After talking with former Opelika City Schools Superintendent Mark Neighbors, the Forbes started working with students at the Opelika Learning Center (OLC), whom Sean said he felt may benefit the most from handson education. OLC is a K-12 school that functions as the school district’s “alternative school,” where many of the students enrolled were sent for disciplinary reasons.
O Grows devotes most of its energy in schools to OLC, teaching a food systems course that is held every day throughout the school year at OLC’s campus or at O Grows’ community garden.
When working with students from OLC, it’s important that the space is a learning environment, but that students are still able to lead the experience, said Jessi Riel, who handles community engagement and education at O Grows.
“The idea here is to give them a space where they can learn practical skills,” Riel said. “They can get things that they can put on their resume, like learning gardening and cooking skills. They can have a space where people are invested in them, believing in them and giving them a lot of autonomy in what they’re doing.”
O Grows also offers a paid internship program primarily for students most at risk of dropping out of school. The program started in 2014 thanks to a donation from Pharmavite, a California-based dietary supplements company with a manufacturing facility in Opelika. Since then, 15 students have participated in the year-long internship program. When Tyquavious Barnett was transferred to the Opelika Learning Center in 2019, he got the chance to meet Sean, who was teaching the health systems class. It was Barnett’s senior year, and he needed help getting ready for life after graduation. After seeing how hard Barnett worked, Sean offered him a position as an intern at O Grows. As he worked in the garden, Barnett said he saw his work ethic improve. While he played football in previous years, he said working in the
garden was different — with only three to four people out there, you can’t slack off.

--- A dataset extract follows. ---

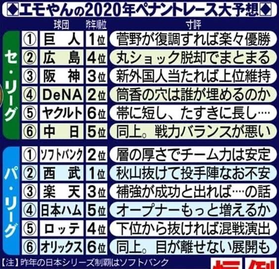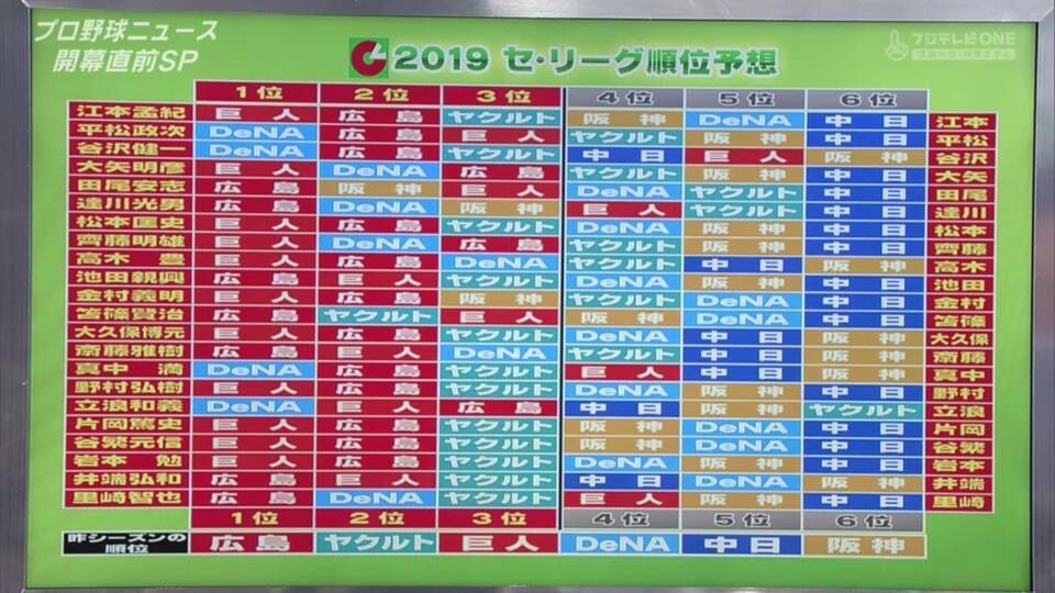 OB解説の順位予想とかいうある程度前年を参考にしながら各局に忖度するだけのやつ

After deciding he wanted to join the Army, Sean helped Barnett study for the Armed Services Vocational Aptitude Battery, or ASVAB, the entry test for the military. When Barnett said he needed extra help with the math section, Sean got him set up with a math professor at Auburn University to tutor him.
Now in Poland as a construction engineer for the army, Barnett still speaks highly of Sean and his time at O Grows.
“He’s really the backbone and just treated everybody like family, doing what he can to make sure everybody gets what they need,” Barnett said. “Dr. Forbes is just a great man.”
When Sean looks back on the countless hours they have put into O Grows, he smiles.
“It has been the single greatest experience of my professional life,” he said. “I mean, that’s hands down. It’s the most generous thing I’ve ever been a part of.”